ACTION ITEM. Every record below is to be repeated exactly, with the pictures left out.

DATA EXCERPTS.

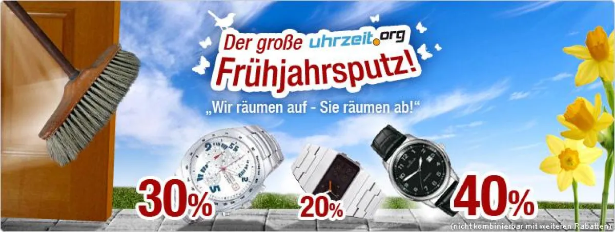 „Wir kalkulieren wirklich am Limit, Gutscheine und Vorkassen-Rabatt fallen bei der Frühjahrsputz-Aktion weg, damit wir im Endeffekt nicht drauf zahlen.“, so Projektleiter Björn Brandt vom Hamburger Onlineshop für Uhren und Schmuck, uhrzeit.org.
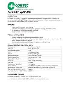 Description: CorShield® VpCI®-368 is a fast-drying, solvent-based, temporary, wax-like coating supplied in an aerosol can. CorShield® VpCI®-368 provides multi-metal protection in harsh outdoor conditions and can be removed when needed using an alkaline cleaner.
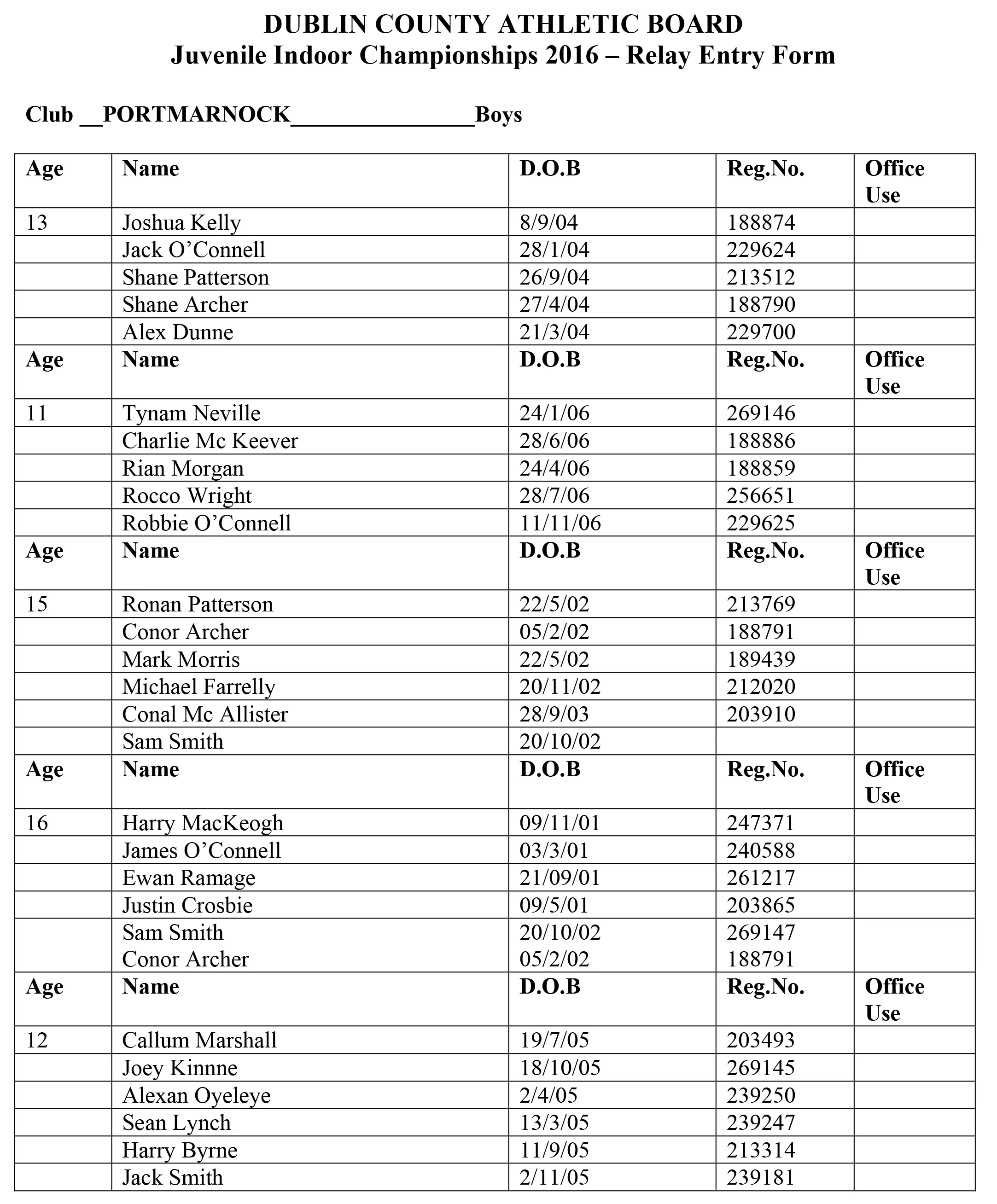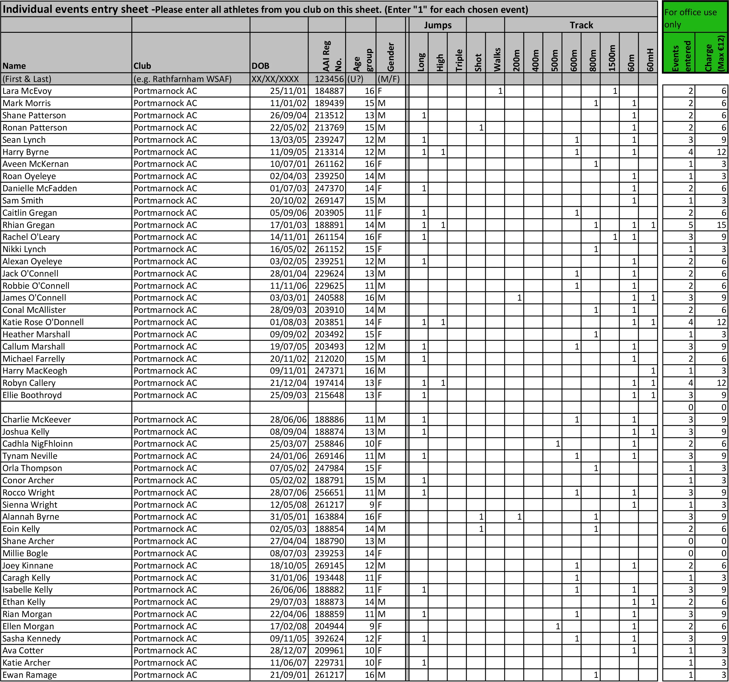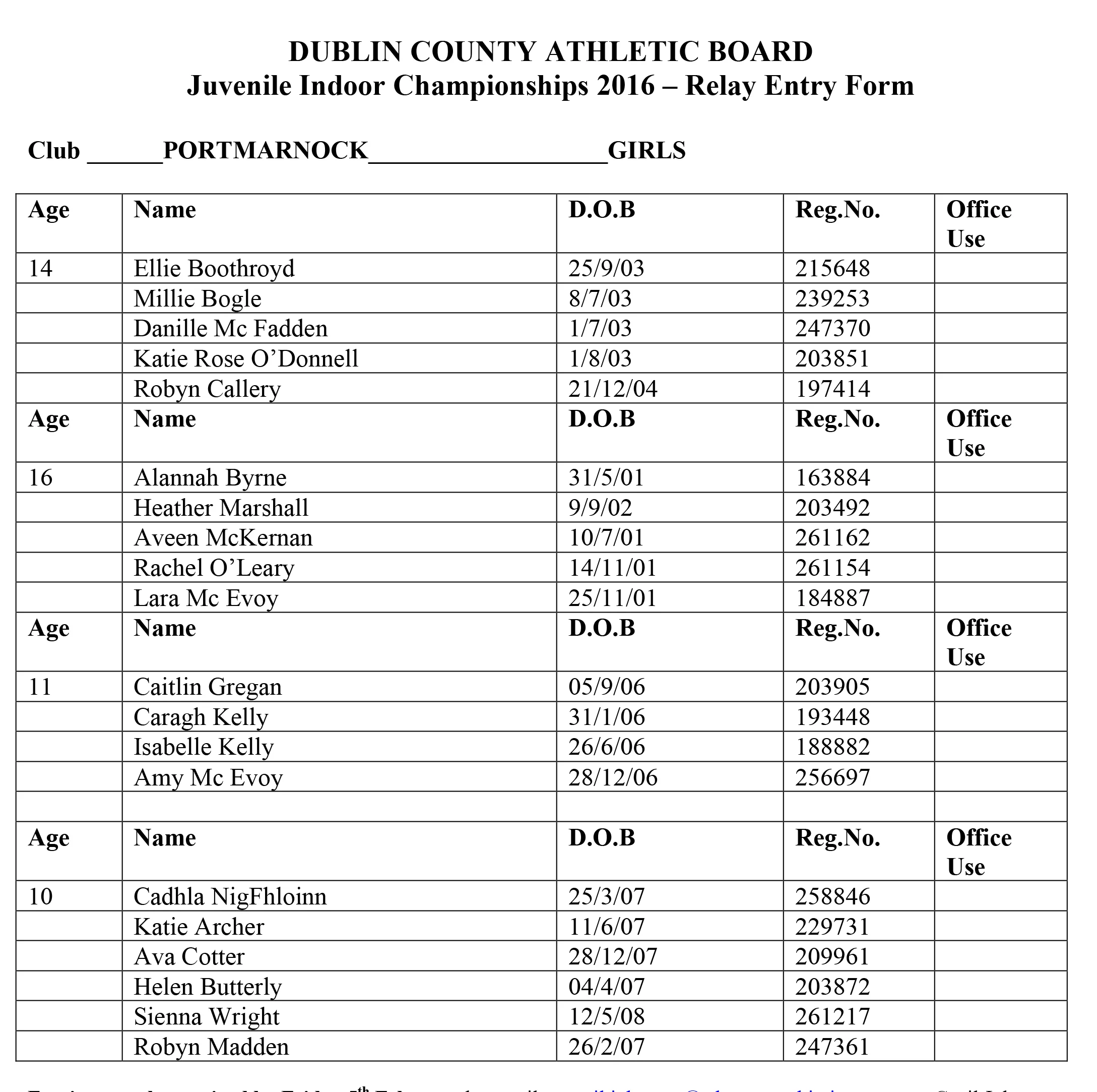 Below is listed the individual entries for the Dublin Indoor Juvenile Championships - please check your event and date which it's on.
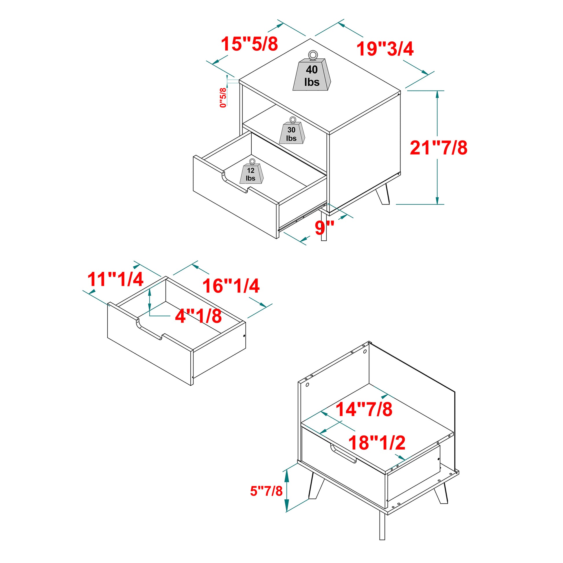 Modern 1-Drawer Nightstand with Open Cubby – Black
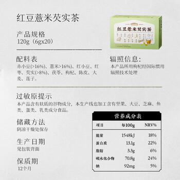 红豆薏米芡实茶1盒120g(20包)
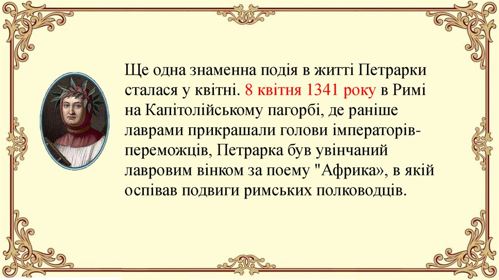 Ще одна знаменна подія в житті Петраркисталася у квітні. 8 квітня 1341 року в Римі
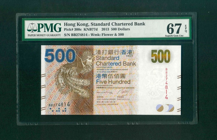 2013 香港渣打銀行 $500 PMG 67 EPQ 編號:BB274814(頂級雪白)
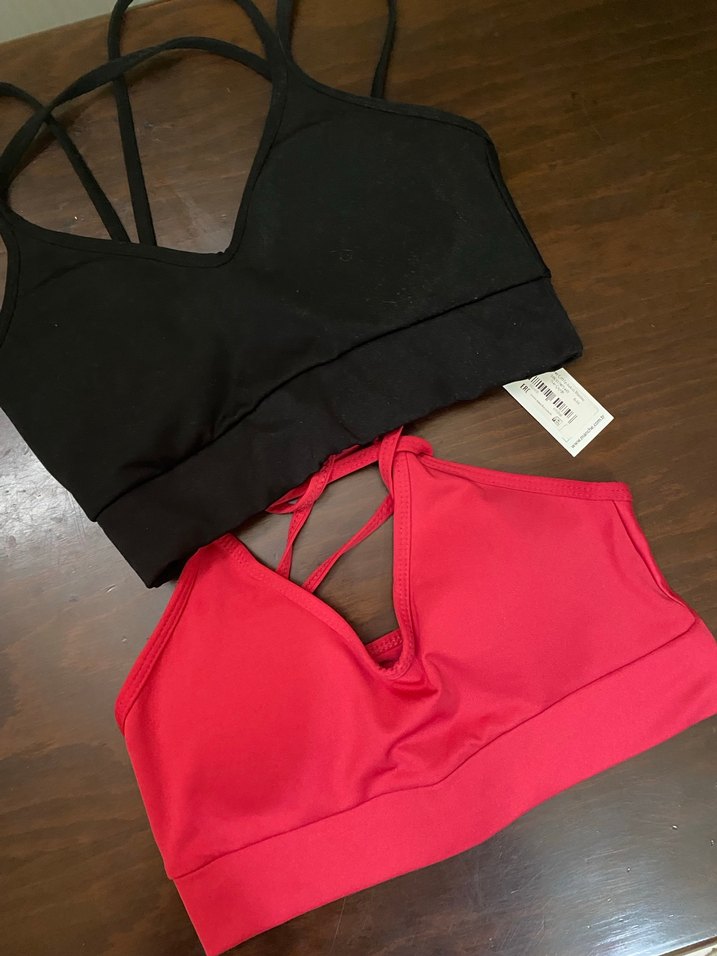 Kırmızı ve siyah renklerde, kısa boylu, desensiz, askılı detaylara sahip athleisure sütyenler. Street wear stiline uygun, rahat ve destekleyici.Kırmızı olan etiketli diğeri 1 defa giyildi sıkı geldiği için satıyorum. Xs ve S bedene çok daha uygun.Manche marka.
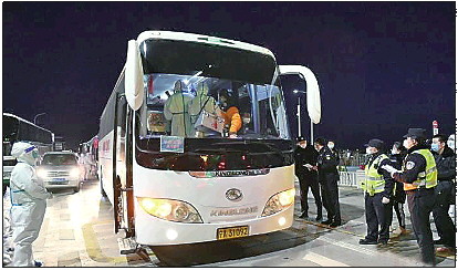 ▲10月29日,滞留在额济纳旗的首批旅游包车游客被转运。他们将前往包头和鄂尔多斯的集中隔离点进行统一隔离。
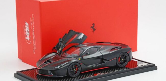 BBR is set to release the 1:18 metal and opening Ferrari LaFerrari in Matt Black with Red stripes. Two versions will be made available, hard carbon base and leather base. Each limited to 200/100 units respectively.
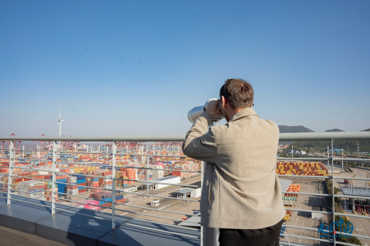 記者們站在觀景平臺(tái),通過望遠(yuǎn)鏡親眼見證了全球最繁忙集裝箱港口之一的現(xiàn)代化作業(yè),他們爭(zhēng)相與壯觀的碼頭場(chǎng)景合影留念。來自哈薩克斯坦《誠(chéng)實(shí)報(bào)》社會(huì)文化部主任納烏雷茲別克·薩爾沙耶夫在接受環(huán)球網(wǎng)記者采訪時(shí)說道“寧波舟山港的運(yùn)作效率和智能化管理令人贊嘆,它無疑是全球物流行業(yè)的標(biāo)桿?!?/p>
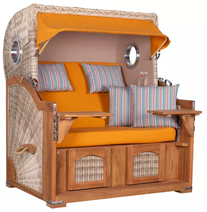 Nur die Nordsee ist schöner als dieser traumhafte Strandkorb, mit dem Sie sich maritimes Flair in den Garten holen. Der Strandkorb Rantum Grande macht seinem Namen alle Ehre: Edles Teakholz, Hochglanz-Bullaugen und eine üppige Polsterung machen den Volllieger zu einer wahren Wohlfühloase. Bei so viel Komfort kommt garantiert Urlaubsstimmung auf. Der Strandkorb Rantum Grande besticht mit einer durchdachten Mischung aus maritimen Details, hohem Komfort und luxuriöser Verarbeitung. Als Volllieger bietet der Strandkorb Rantum Grande ein Höchstmaß an Komfort. Auch in puncto Qualität genügt dieses Modell wie alle Strandkörbe der Rantum-Serie höchsten Ansprüchen. Der Strandkorb ist aus edlem Teakholz gefertigt und dadurch besonders widerstandsfähig gegenüber äußeren Witterungseinflüssen. Aufgelockert wird die massive Teak-Optik durch luftiges PE-Geflecht. Auch hierbei handelt es sich um ein sehr langlebiges und wetterfestes Material, das zudem schmutzabweisend und UV-beständig ist. Einem langjährigen intensiven Gebrauch steht also nichts im Wege. Das beidseitig eingelassene Bullauge zählt zu den besonderen Extras dieses Strandkorbes. Lehnen Sie sich zurück und genießen Sie den ungestörten Rundumblick, der an die Weiten von Nord- und Ostsee erinnert. Das Bullauge besteht aus Sicherheitsglas und ist in hochglänzendes Aluminium eingefasst. Damit bildet es die perfekte Ergänzung zu den übrigen Hochglanz-Beschlägen aus Edelstahl. Für einen optimalen Komfort verfügt der Strandkorb über eine großzügige Polsterung, bestehend aus extra dicken Sitz- und Fußkissen, Wurfkissen sowie Nackenkissen. Zwei schwenkbare Bistrotische und ausziehbare Fußbänke runden die üppige Ausstattung dieses Premium-Strandkorbes ab. Alle Bezüge bestehen aus hochwertigem Markisenstoff, sind abnehmbar und waschbar.
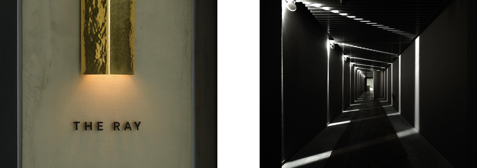 レストランまでの入口にたどり着くまでに時間がかかる問題点を活かす設計に。店舗名となっているRAY(光)を感じられるよう、色彩、照明、空間、マテリアルにおけるまで一環してコンセプトを意識して、テーブルにお客様がたどり着いて料理が出てくるまでのストーリーをデザインした。
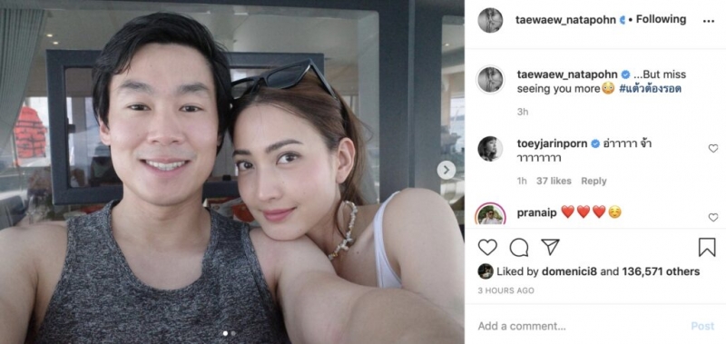 ซึ่งก่อนหน้านี้ทางด้าน แต้ว ณฐพร ได้ออกมาโพสต์รูปภาพคู่กับแฟนหนุ่ม ไฮโซณัย ซึ่งเป็นภาพเก่า พร้อมกับระบุแคปชั่นสุดอ้อนว่า .But miss seeing you more แต่ฉันคิดถึงคุณมาก
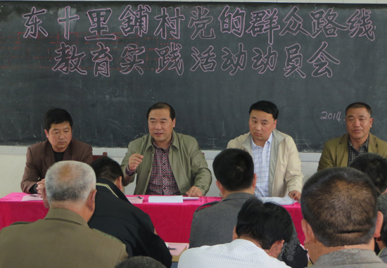 东十里铺村委负责人杨彦启宣读了城郊乡社区、村党的群众路线教育实践活动实施方案,“包村干部”城郊乡司法所长乔好孔做了动员讲话。
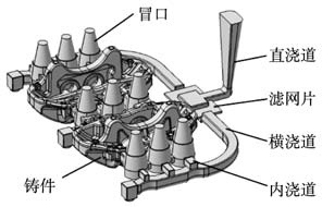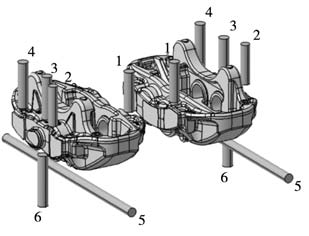 表6 優(yōu)化方案結(jié)果對(duì)比 依據(jù)最優(yōu)工藝方案進(jìn)行生產(chǎn)試制,得到圖5所示的含澆注系統(tǒng)的制動(dòng)鉗鑄件成品,可見在此金屬型重力鑄造工藝方案下能夠得到充型完整且表面光潔的鑄件。經(jīng)檢驗(yàn),制動(dòng)鉗鑄件成形質(zhì)量較高,沒有縮松縮孔缺陷,符合預(yù)期效果,從而驗(yàn)證了此優(yōu)化工藝方案的可行性。
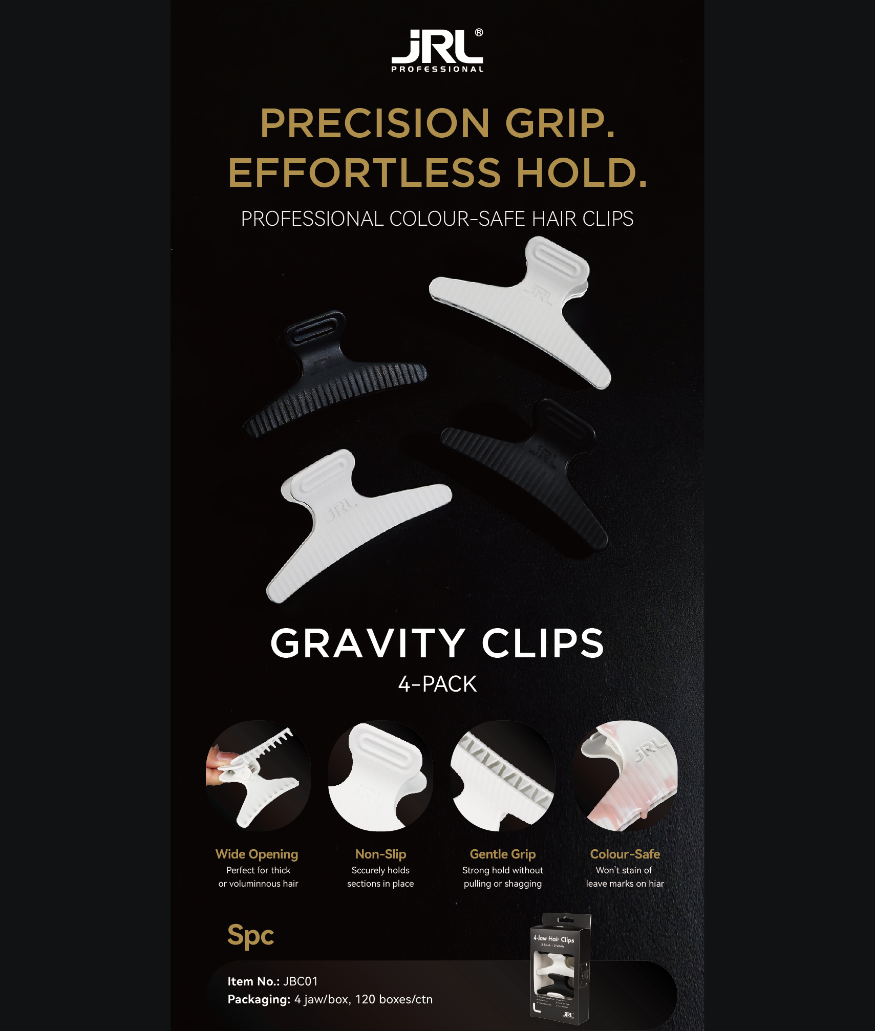 Sold in a convenient 4-pack, each clip is designed for effortless handling and reliable performance in busy salon environments.
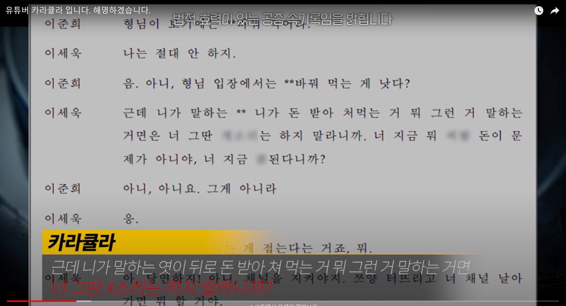 유튜버 카라큘라 입니다. 해명하겠습니다.

WRITTEN ANSWER.
 „Wir kalkulieren wirklich am Limit, Gutscheine und Vorkassen-Rabatt fallen bei der Frühjahrsputz-Aktion weg, damit wir im Endeffekt nicht drauf zahlen.“, so Projektleiter Björn Brandt vom Hamburger Onlineshop für Uhren und Schmuck, uhrzeit.org.
 Description: CorShield® VpCI®-368 is a fast-drying, solvent-based, temporary, wax-like coating supplied in an aerosol can. CorShield® VpCI®-368 provides multi-metal protection in harsh outdoor conditions and can be removed when needed using an alkaline cleaner.
 Below is listed the individual entries for the Dublin Indoor Juvenile Championships - please check your event and date which it's on.
 Modern 1-Drawer Nightstand with Open Cubby – Black
 红豆薏米芡实茶1盒120g(20包)
 Ще одна знаменна подія в житті Петраркисталася у квітні. 8 квітня 1341 року в Римі
 2013 香港渣打銀行 $500 PMG 67 EPQ 編號:BB274814(頂級雪白)
 Kırmızı ve siyah renklerde, kısa boylu, desensiz, askılı detaylara sahip athleisure sütyenler. Street wear stiline uygun, rahat ve destekleyici.Kırmızı olan etiketli diğeri 1 defa giyildi sıkı geldiği için satıyorum. Xs ve S bedene çok daha uygun.Manche marka.
 ▲10月29日,滞留在额济纳旗的首批旅游包车游客被转运。他们将前往包头和鄂尔多斯的集中隔离点进行统一隔离。
 BBR is set to release the 1:18 metal and opening Ferrari LaFerrari in Matt Black with Red stripes. Two versions will be made available, hard carbon base and leather base. Each limited to 200/100 units respectively.
 記者們站在觀景平臺(tái),通過望遠(yuǎn)鏡親眼見證了全球最繁忙集裝箱港口之一的現(xiàn)代化作業(yè),他們爭(zhēng)相與壯觀的碼頭場(chǎng)景合影留念。來自哈薩克斯坦《誠(chéng)實(shí)報(bào)》社會(huì)文化部主任納烏雷茲別克·薩爾沙耶夫在接受環(huán)球網(wǎng)記者采訪時(shí)說道“寧波舟山港的運(yùn)作效率和智能化管理令人贊嘆,它無疑是全球物流行業(yè)的標(biāo)桿?!?/p>
 Nur die Nordsee ist schöner als dieser traumhafte Strandkorb, mit dem Sie sich maritimes Flair in den Garten holen. Der Strandkorb Rantum Grande macht seinem Namen alle Ehre: Edles Teakholz, Hochglanz-Bullaugen und eine üppige Polsterung machen den Volllieger zu einer wahren Wohlfühloase. Bei so viel Komfort kommt garantiert Urlaubsstimmung auf. Der Strandkorb Rantum Grande besticht mit einer durchdachten Mischung aus maritimen Details, hohem Komfort und luxuriöser Verarbeitung. Als Volllieger bietet der Strandkorb Rantum Grande ein Höchstmaß an Komfort. Auch in puncto Qualität genügt dieses Modell wie alle Strandkörbe der Rantum-Serie höchsten Ansprüchen. Der Strandkorb ist aus edlem Teakholz gefertigt und dadurch besonders widerstandsfähig gegenüber äußeren Witterungseinflüssen. Aufgelockert wird die massive Teak-Optik durch luftiges PE-Geflecht. Auch hierbei handelt es sich um ein sehr langlebiges und wetterfestes Material, das zudem schmutzabweisend und UV-beständig ist. Einem langjährigen intensiven Gebrauch steht also nichts im Wege. Das beidseitig eingelassene Bullauge zählt zu den besonderen Extras dieses Strandkorbes. Lehnen Sie sich zurück und genießen Sie den ungestörten Rundumblick, der an die Weiten von Nord- und Ostsee erinnert. Das Bullauge besteht aus Sicherheitsglas und ist in hochglänzendes Aluminium eingefasst. Damit bildet es die perfekte Ergänzung zu den übrigen Hochglanz-Beschlägen aus Edelstahl. Für einen optimalen Komfort verfügt der Strandkorb über eine großzügige Polsterung, bestehend aus extra dicken Sitz- und Fußkissen, Wurfkissen sowie Nackenkissen. Zwei schwenkbare Bistrotische und ausziehbare Fußbänke runden die üppige Ausstattung dieses Premium-Strandkorbes ab. Alle Bezüge bestehen aus hochwertigem Markisenstoff, sind abnehmbar und waschbar.
 レストランまでの入口にたどり着くまでに時間がかかる問題点を活かす設計に。店舗名となっているRAY(光)を感じられるよう、色彩、照明、空間、マテリアルにおけるまで一環してコンセプトを意識して、テーブルにお客様がたどり着いて料理が出てくるまでのストーリーをデザインした。
 ซึ่งก่อนหน้านี้ทางด้าน แต้ว ณฐพร ได้ออกมาโพสต์รูปภาพคู่กับแฟนหนุ่ม ไฮโซณัย ซึ่งเป็นภาพเก่า พร้อมกับระบุแคปชั่นสุดอ้อนว่า .But miss seeing you more แต่ฉันคิดถึงคุณมาก
 东十里铺村委负责人杨彦启宣读了城郊乡社区、村党的群众路线教育实践活动实施方案,“包村干部”城郊乡司法所长乔好孔做了动员讲话。
 表6 優(yōu)化方案結(jié)果對(duì)比 依據(jù)最優(yōu)工藝方案進(jìn)行生產(chǎn)試制,得到圖5所示的含澆注系統(tǒng)的制動(dòng)鉗鑄件成品,可見在此金屬型重力鑄造工藝方案下能夠得到充型完整且表面光潔的鑄件。經(jīng)檢驗(yàn),制動(dòng)鉗鑄件成形質(zhì)量較高,沒有縮松縮孔缺陷,符合預(yù)期效果,從而驗(yàn)證了此優(yōu)化工藝方案的可行性。
 Sold in a convenient 4-pack, each clip is designed for effortless handling and reliable performance in busy salon environments.
 유튜버 카라큘라 입니다. 해명하겠습니다.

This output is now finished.